There are other means of obtaining carbonic acid to lighten bread, besides by the growing of yeast. The most convenient, perhaps the most valuable, method is by causing cream of tartar and bicarbonl Mrs. Richards.
ate of soda to unite chemically. (The products of the union are carbonic acid and Rochelle salts.) The advantage of using these over everything else yet tried is, that they do not unite when brought in contact except in the presence of water and a certain degree of heat. Rochelle salts, taken in such minute quantities as it occurs in bread made in this way, is not harmful.
Cream of tartar bread, if perfectly made, is more nutritious than fermented bread, for none of the constituents of the flour are lost, as when yeast is used.1
The difficulty of obtaining good cream of tartar is very great. It is said to be more extensively adulterated than any other substance used for food. Moreover, in the practice of bread-making the cream of tartar and soda are generally mixed in the proportion of two to one - that is, two teaspoons of cream of tartar to every teaspoon of soda; but this is not the exact proportion in which they neutralize each other, so that under ordinary circumstances there is an excess of soda in the bread.

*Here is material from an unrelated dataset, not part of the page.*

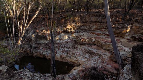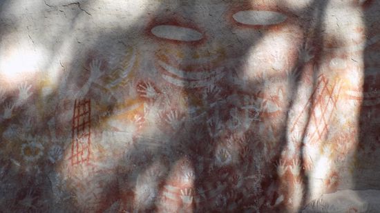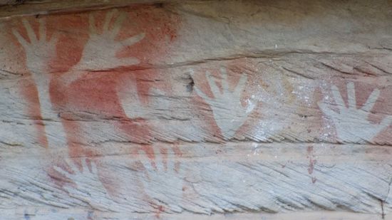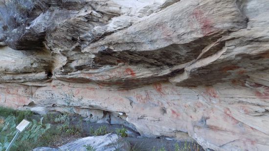 eine uralte Aboriginal Begräbnisstätte mit genau so alten Felsmalereien
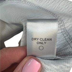 Material has a silky feel (likely a polyester blend or treated synthetic) and is labeled Dry Clean Only.

To be exact they should always be combined by weight, as is done in making baking-powders, the proportion being 84 parts of soda to 188 of cream of tartar, or, reducing to lower terms, as 21 to 47 - a little less than half as much soda as cream of tartar. For practical use in cooking there are no scales known to the author for the purpose of weighing these materials, so the proportion will have to be approximated with teaspoons, and a fairly accurate result for bread-making may be obtained most easily by measuring a teaspoon of each in exactly the same manner, and then taking off a little from the soda.
1 A portion of the starch and sugar is consumed to feed the growing yeast. It has been estimated that about 1/7 of a barrel of flour is lost in raising bread - that is, that amount is consumed by the yeast used.
With good materials, care in measuring them, and a hot oven to set the bread before the gas escapes, cream of tartar biscuits are both wholesome and palatable.